Available data:
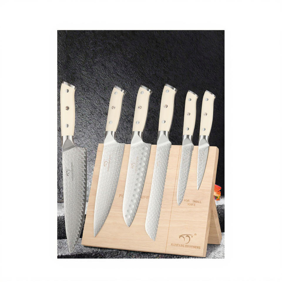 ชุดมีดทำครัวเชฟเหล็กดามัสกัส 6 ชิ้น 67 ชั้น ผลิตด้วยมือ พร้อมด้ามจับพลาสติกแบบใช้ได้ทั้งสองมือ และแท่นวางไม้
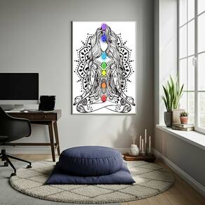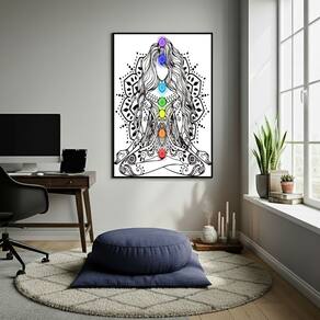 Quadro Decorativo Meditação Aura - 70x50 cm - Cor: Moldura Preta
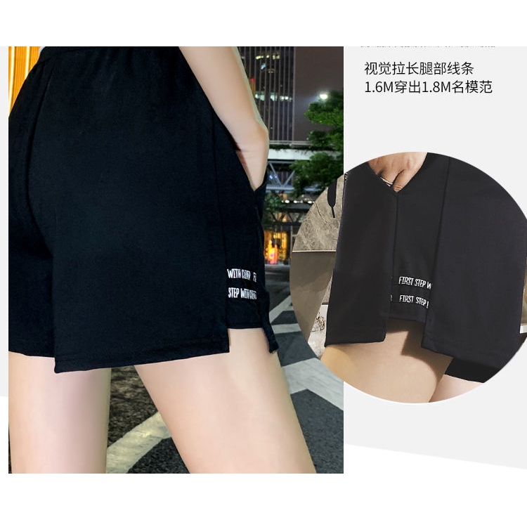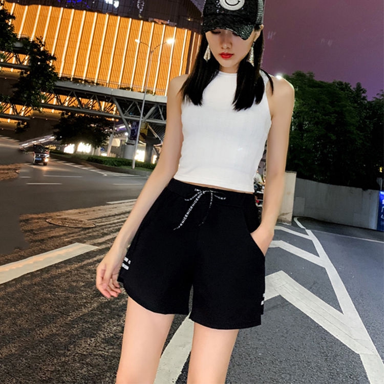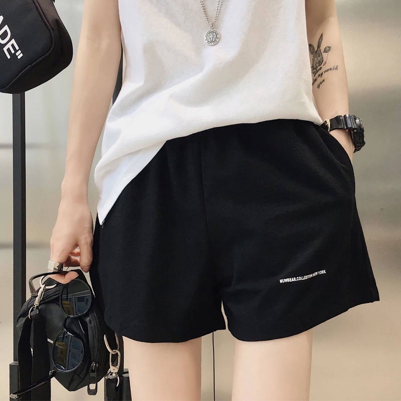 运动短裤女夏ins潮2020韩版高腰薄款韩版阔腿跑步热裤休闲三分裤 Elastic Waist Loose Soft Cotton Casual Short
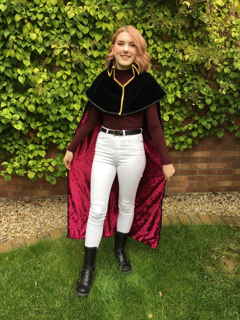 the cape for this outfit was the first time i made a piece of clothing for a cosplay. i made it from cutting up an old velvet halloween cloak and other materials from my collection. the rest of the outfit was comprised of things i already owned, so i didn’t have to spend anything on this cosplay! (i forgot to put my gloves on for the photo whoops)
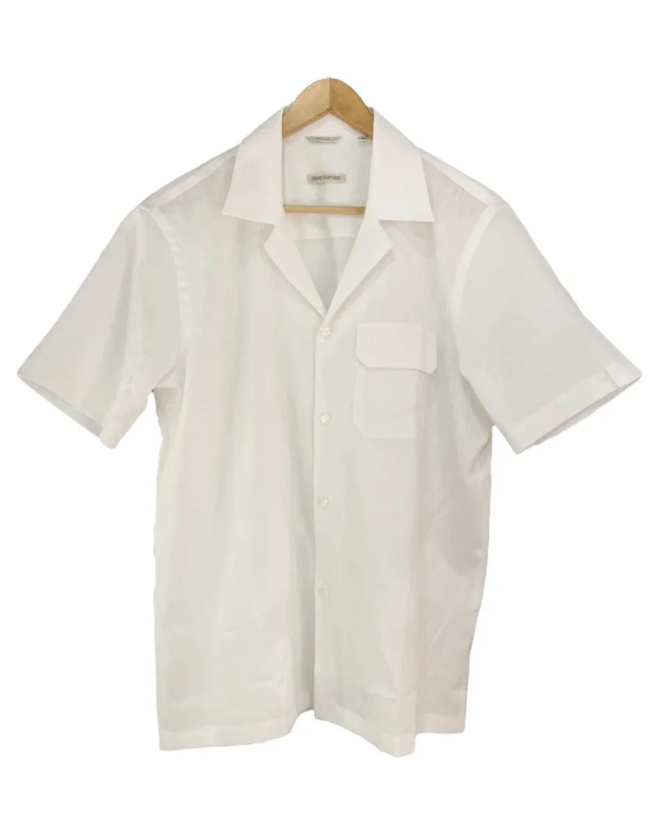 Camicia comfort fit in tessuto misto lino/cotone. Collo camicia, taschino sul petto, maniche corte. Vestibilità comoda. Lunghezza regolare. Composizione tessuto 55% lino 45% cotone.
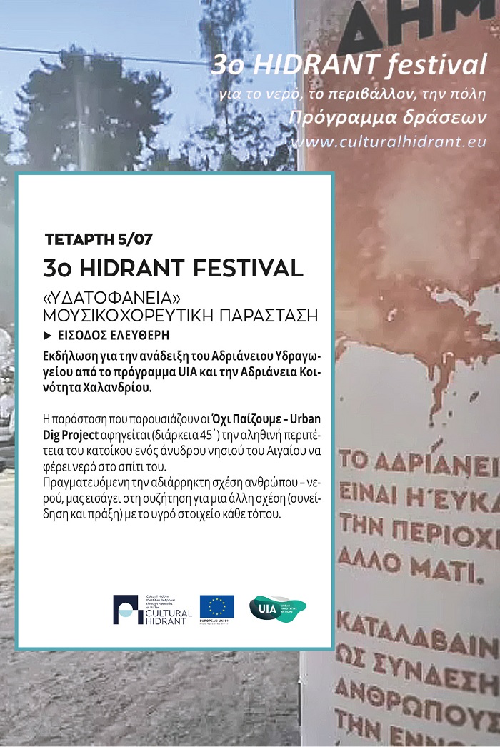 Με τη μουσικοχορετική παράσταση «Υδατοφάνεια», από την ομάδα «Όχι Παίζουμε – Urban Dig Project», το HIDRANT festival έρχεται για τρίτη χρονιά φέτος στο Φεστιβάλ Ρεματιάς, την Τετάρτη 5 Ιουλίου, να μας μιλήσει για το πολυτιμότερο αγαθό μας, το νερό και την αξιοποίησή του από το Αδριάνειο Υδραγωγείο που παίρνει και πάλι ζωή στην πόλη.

Assigned task: Repeat, exactly and in full, all the material above except its pictures.

Task output:
 ชุดมีดทำครัวเชฟเหล็กดามัสกัส 6 ชิ้น 67 ชั้น ผลิตด้วยมือ พร้อมด้ามจับพลาสติกแบบใช้ได้ทั้งสองมือ และแท่นวางไม้
 Quadro Decorativo Meditação Aura - 70x50 cm - Cor: Moldura Preta
 运动短裤女夏ins潮2020韩版高腰薄款韩版阔腿跑步热裤休闲三分裤 Elastic Waist Loose Soft Cotton Casual Short
 the cape for this outfit was the first time i made a piece of clothing for a cosplay. i made it from cutting up an old velvet halloween cloak and other materials from my collection. the rest of the outfit was comprised of things i already owned, so i didn’t have to spend anything on this cosplay! (i forgot to put my gloves on for the photo whoops)
 Camicia comfort fit in tessuto misto lino/cotone. Collo camicia, taschino sul petto, maniche corte. Vestibilità comoda. Lunghezza regolare. Composizione tessuto 55% lino 45% cotone.
 Με τη μουσικοχορετική παράσταση «Υδατοφάνεια», από την ομάδα «Όχι Παίζουμε – Urban Dig Project», το HIDRANT festival έρχεται για τρίτη χρονιά φέτος στο Φεστιβάλ Ρεματιάς, την Τετάρτη 5 Ιουλίου, να μας μιλήσει για το πολυτιμότερο αγαθό μας, το νερό και την αξιοποίησή του από το Αδριάνειο Υδραγωγείο που παίρνει και πάλι ζωή στην πόλη.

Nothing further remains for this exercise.